De voorbije week waren de nationale media in de ban van de Breydelstad. De benoeming van Dalilla Hermans als trajectbegeleider voor de inzending van Brugge als Europese Culturele Hoofdstad 2030 doet de gemoederen hoog oplopen. Is er zo weinig aan de hand in Brugge dat een culturele benoeming het enige is waarover we kunnen discussiëren? Wat is het belang voor de partijen die deze discussie op de spits willen drijven? Hoe zorgen we voor een Brugge op mensenmaat?
Zijn er echt geen andere problemen?
De energiecrisis, het gebrek aan betaalbaar wonen, de wachtlijsten in de zorg, de afschaffing van de bushaltes, het afbouwen van bankautomaten, de aanvallen op de Wet-Major, de loonblokkering, … Enfin, om maar te zeggen: het is niet dat de mensen in Brugge een gebrek hebben aan concrete problemen om op te lossen. Dat Brugse politici dan de keuze maken om zich met andere zaken bezig te houden, is wraakroepend. Het gaat bovendien dan nog eens over problemen die ze vaak zelf veroorzaken door besparingen van hen of hun partijen. Waar blijft het debat over waar we met Brugge naartoe willen na 2025? Partijen hebben hun mond vol over postjes hier en postjes daar (we kennen bijvoorbeeld al de namen van vier van de Brugse lijsttrekkers), maar over welk beleid we willen voeren is er nog niets gezegd.

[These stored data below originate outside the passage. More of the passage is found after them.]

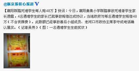 【襄陽踩踏死難學生每人賠48萬】快訊:今日,襄陽秦集小學踩踏事故死難者學生家長透露,4名遇難學生的家長已就事故賠償達成協議,當地政府對每名遇難學生賠償48萬(不含喪葬費)。此數額己經事故善后小組成員、老河口市政協主席李守成電話確認屬實。(記者 吳偉)
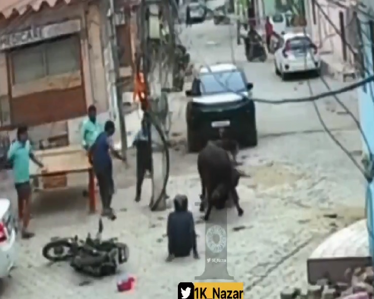 बचाने पहुँचे युवक को भी गाय ने चपेट में ले लिया
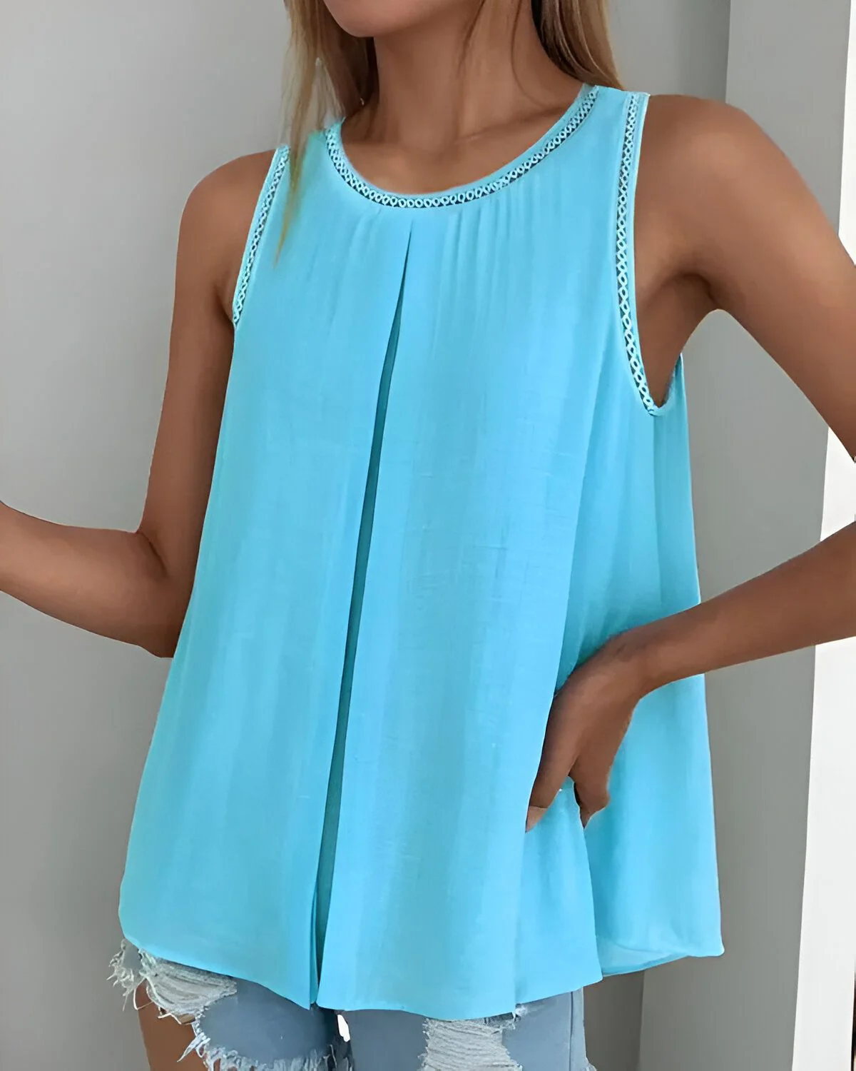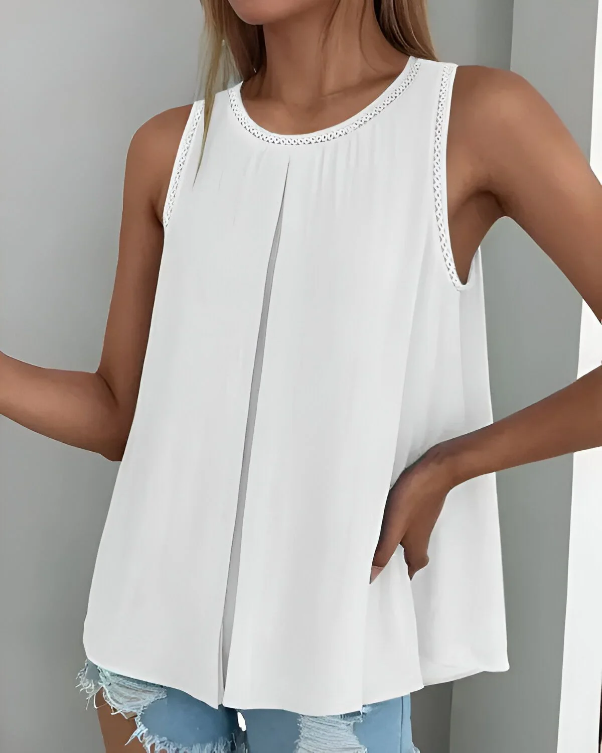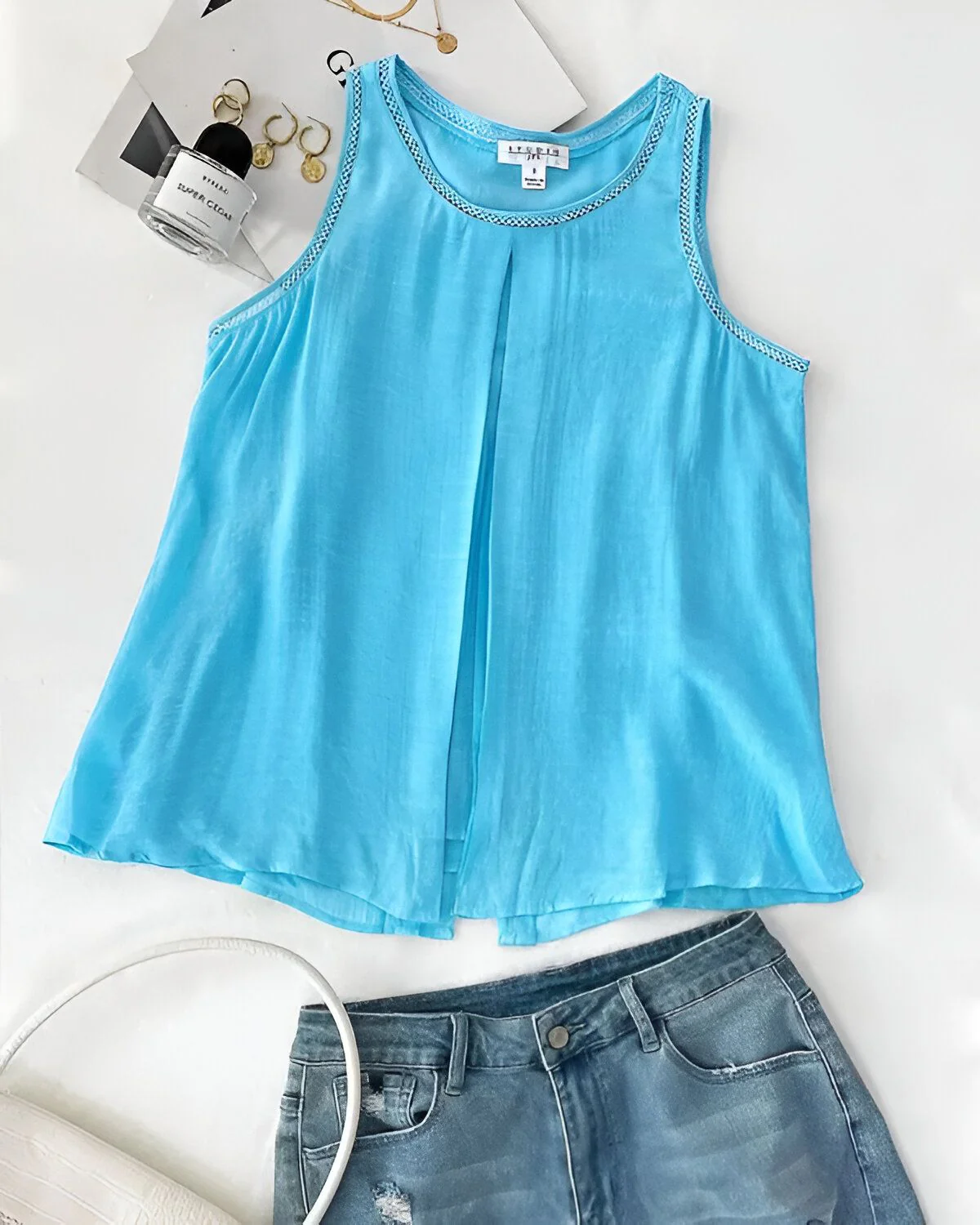 L’encolure ronde et les manches sans manches ajoutent une touche de modernité à ce débardeur. Son motif uni et sa décoration discrète, représentée par une fente subtile, en font un choix élégant en toute occasion.

Het zou rechts in Brugge sieren om werk te maken van de problemen die Bruggelingen elke dag mee maken, en om niet nieuwe problemen te verzinnen die vooral voor zichzelf relevant zijn.
Wie wint met dit debat?
De partijen die een breekpunt willen maken van deze benoeming, Vlaams Belang en N-VA, geven als voornaamste reden tegen de benoeming dat mevrouw Hermans te weinig een verbindend figuur zou zijn, en dat ze een ideologie zou volgen die ons fundamenteel zou verdelen. Moeten we even de geschiedenis van die partijen in Brugge erbij halen?
Neem nu bijvoorbeeld Stefaan Sintobin, fractieleider voor het VB in Brugge en Vlaams parlementslid. Sintobin nam in 2014 deel aan een VB-actie die zich verzette tegen de stakingsbeweging van eind 2014 tegen de asociale plannen van de regering-Michel en De Wever. Acties voor meer loon begrijpt hij niet, en noemt hij contraproductief voor de economie. Hij moet ook niet weten van progressieve activisten. Hij zou die het liefst preventief laten oppakken. Zelfs ManiFiesta, het feest van de solidariteit, is voor hem teveel. In 2022 pleitte hij om het festival te laten verbieden. Daarnaast vindt hij Gay Prides degoutant, steunde hij de acties van Schild en Vrienden tegen het festival Queer Was Here, zou hij het niet kunnen aanvaarden mocht de vriendin van zijn zoon een moslima zijn, en noemt hij Bert Eriksson van het VMO zijn idool.
De andere persoon die zich in het debat heeft gemengd, is Maaike De Vreese van de N-VA, sinds 2019 Vlaams Parlementslid. Zij vindt dat flexijobs in alle sectoren moeten toegelaten worden en dat mensen gestimuleerd moeten worden om meer overuren te presteren. Ze wil ook het leefloon van Oekraïense vluchtelingen schrappen en vindt dat de strijd tegen racisme in Brugge ‘te ver gaat’.
De tegenstand tegen Hermans is vooral bedoeld om een eerste stap te zetten in de tegenstand tegen iedereen die sociaal voelend of progressief is. De verbinding die N-VA en VB zouden willen van Hermans, zal zeker niet van hen komen. N-VA en VB verdelen de werkende klasse al decennia, en zijn beide niet verlegen om andersdenkenden monddood te proberen maken. Denk maar aan het Antwerpse cultuurbeleid, in handen van N-VA, dat zowel de stadsdichters als kunstenaars voor de Arenberg weerde. Beslissingen die vaak tegen de eigen cultuuradministratie genomen worden. In Brugge heeft men wel gekozen om de cultuursector en de stadsdiensten te volgen, en dat is hun recht. Niet toevallig zijn N-VA en VB ook die partijen die het minst vertellen over de concrete problemen van de Bruggelingen. Zo spreekt het VB gewoon niet over de afschaffing van de bushaltes, en is N-VA de Wet-Major liever kwijt dan rijk.